» Your task
Without the images, repeat every line of the listing exactly.

» Data shown

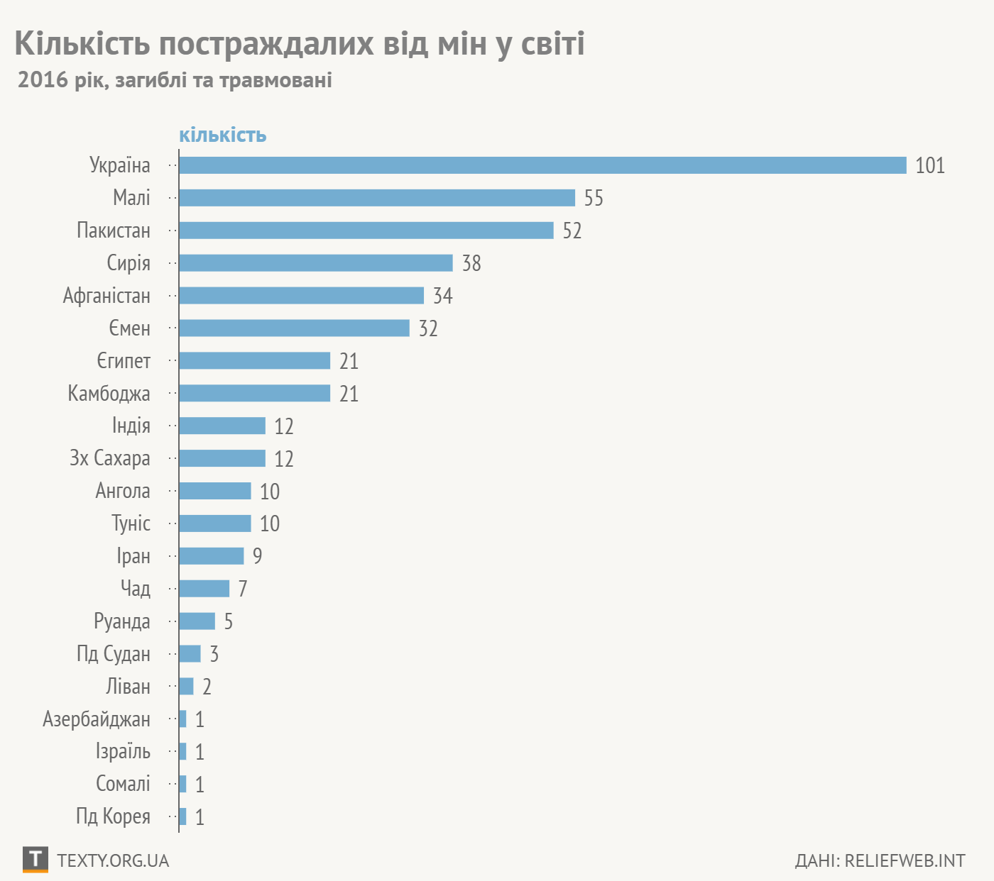 May. 5th, 2017 10:19 amВ Україні два роки поспіль найбільше у світі людей постраждали, підірвавшись на мінах. У 2016 році постраждала 101 людина: 43 загинули та 58 травмовані. Це значно більше, ніж будь-де у світі.
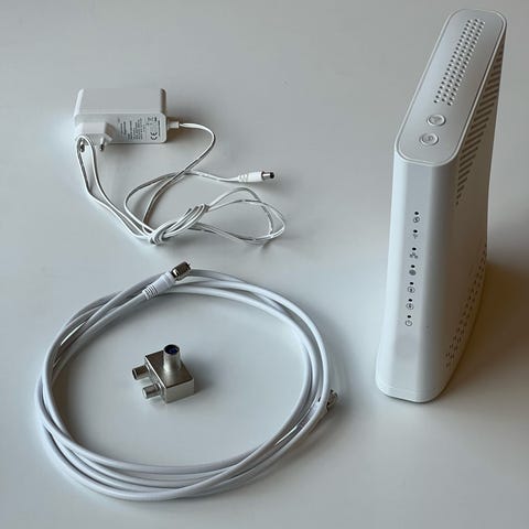 Mukana tulee virtajohto, antennijohto, antennijakaja ja ethernet johto ei laatikkoa.
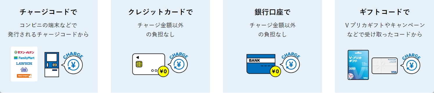 Vプリカへのチャージは、コンビニ端末で購入したチャージコード、クレジットカード、銀行振込、ギフトコードのいずれかで行います。ここでは、コンビニでのチャージコードの利用方法を例に挙げます。ここでは誰でも利用できるココンビニでのチャージコードを例にしてチャージ手順をを解説します。
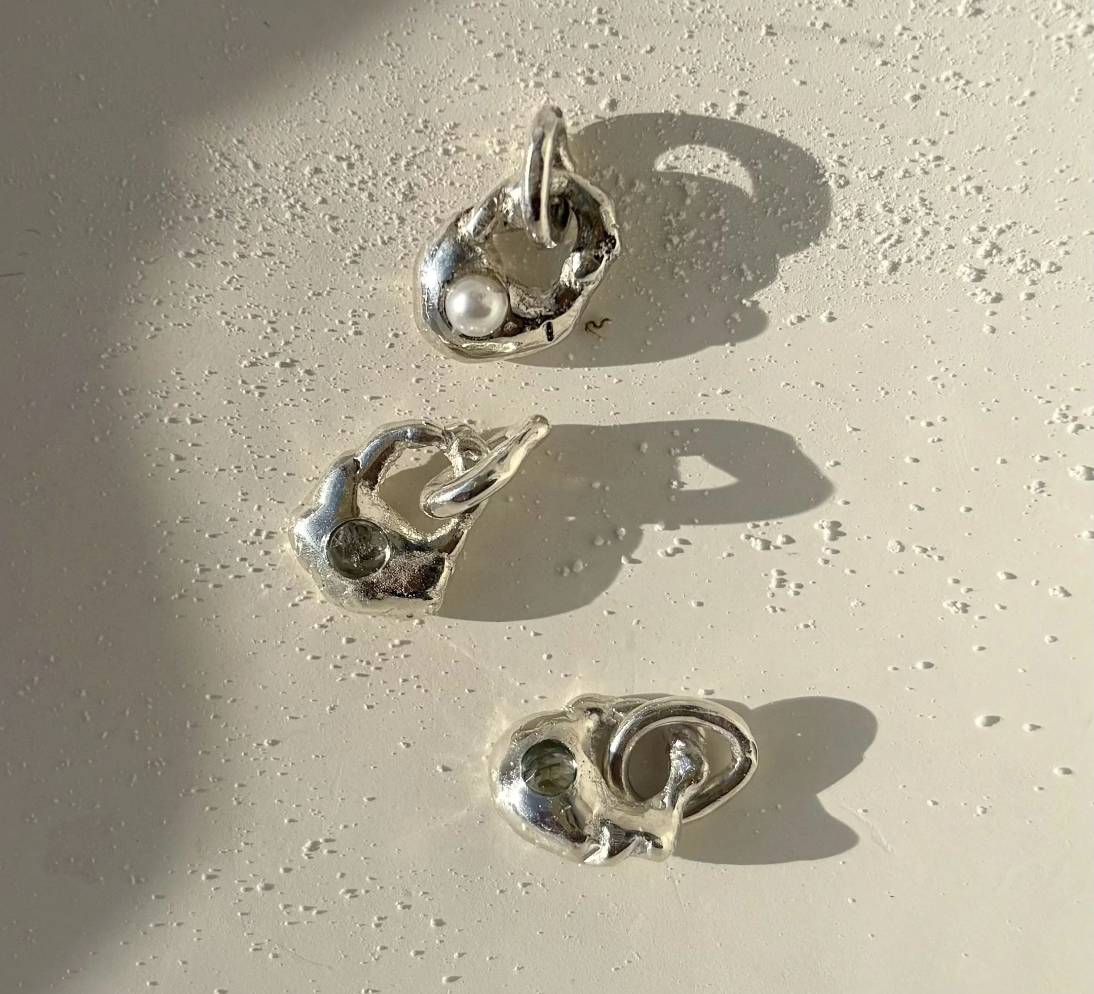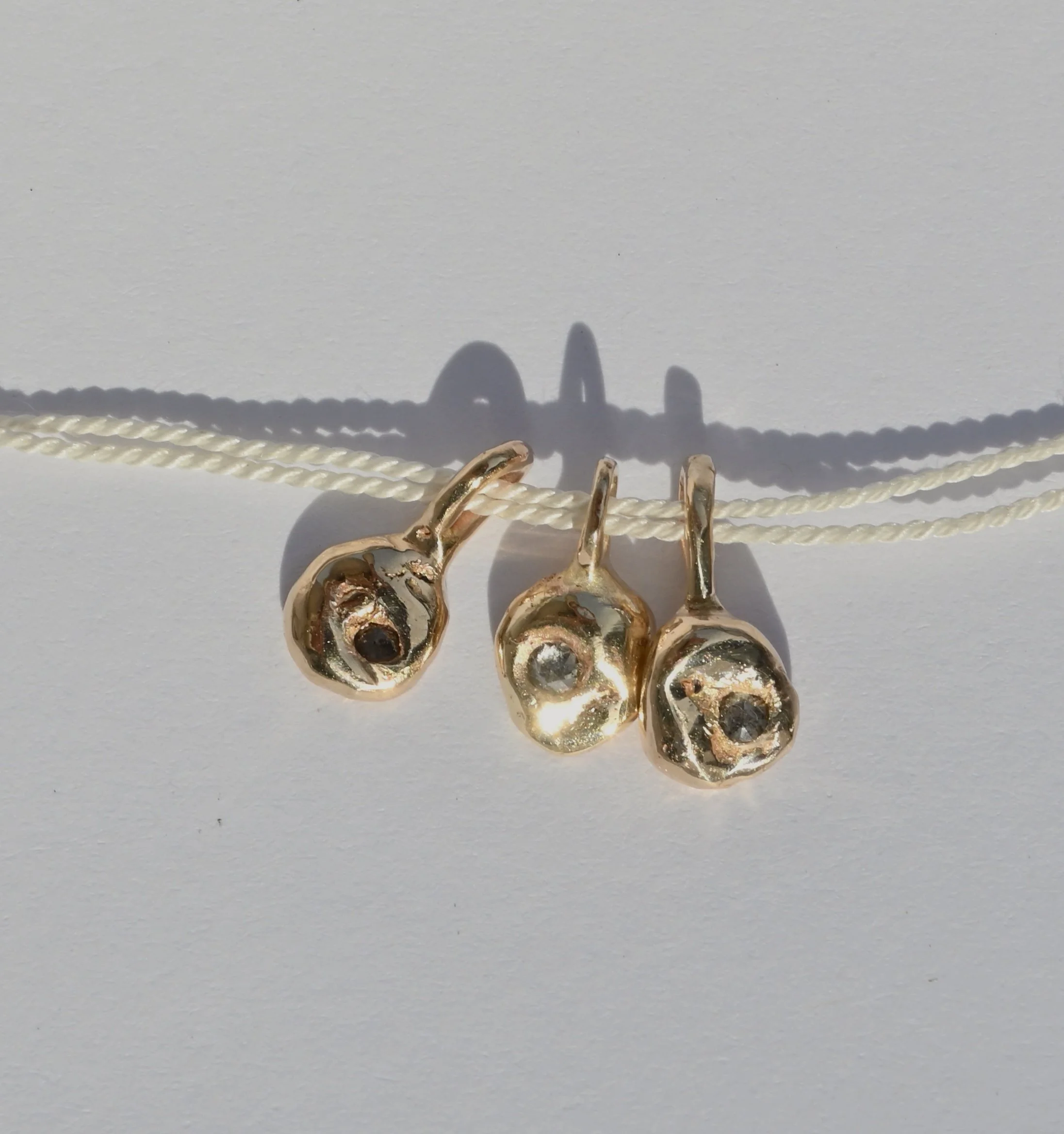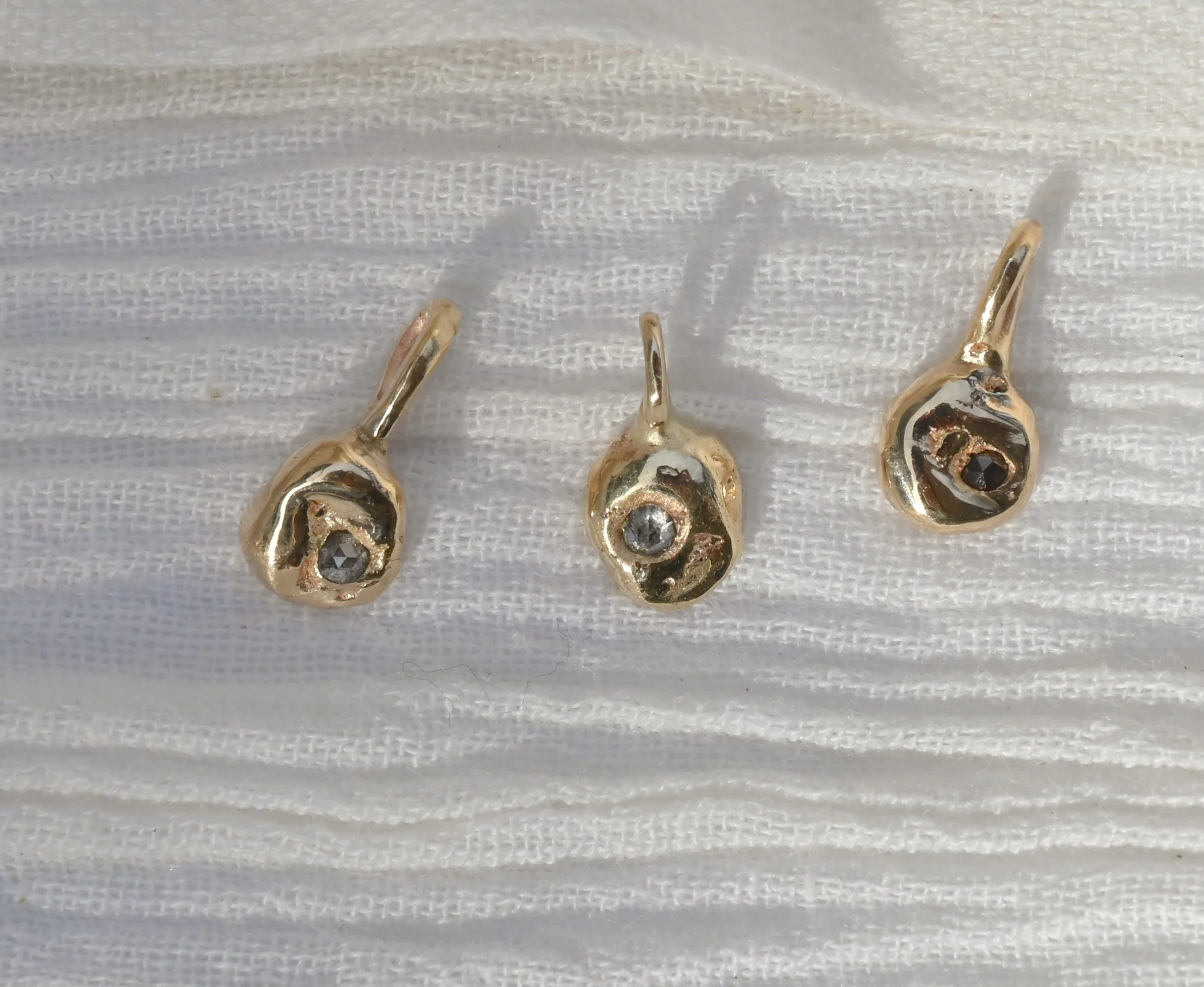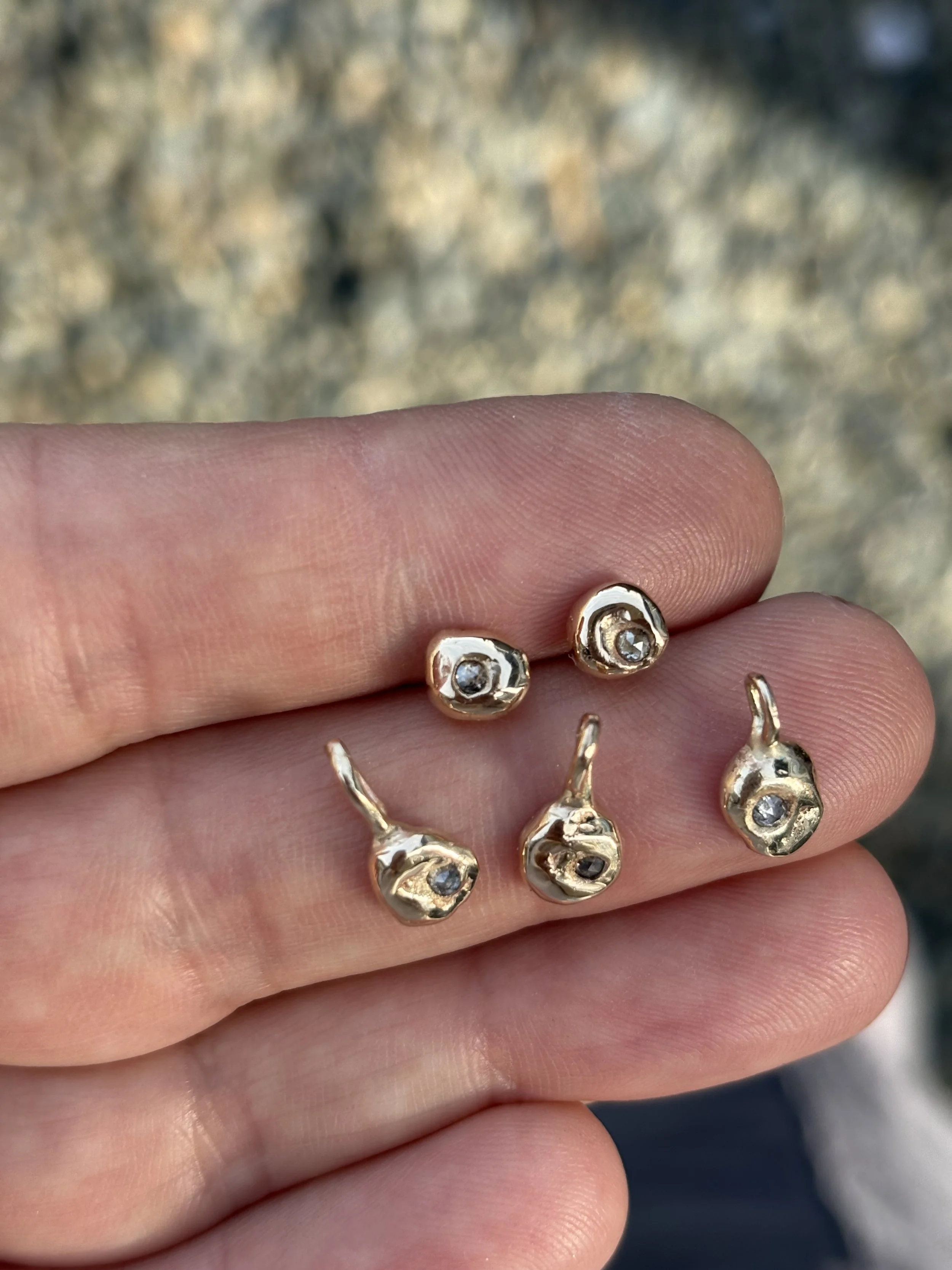 Melted 14k solid gold pebble studs with pressed salt and pepper 2mm diamonds.

» Response area
 May. 5th, 2017 10:19 amВ Україні два роки поспіль найбільше у світі людей постраждали, підірвавшись на мінах. У 2016 році постраждала 101 людина: 43 загинули та 58 травмовані. Це значно більше, ніж будь-де у світі.
 Mukana tulee virtajohto, antennijohto, antennijakaja ja ethernet johto ei laatikkoa.
 Vプリカへのチャージは、コンビニ端末で購入したチャージコード、クレジットカード、銀行振込、ギフトコードのいずれかで行います。ここでは、コンビニでのチャージコードの利用方法を例に挙げます。ここでは誰でも利用できるココンビニでのチャージコードを例にしてチャージ手順をを解説します。
 Melted 14k solid gold pebble studs with pressed salt and pepper 2mm diamonds.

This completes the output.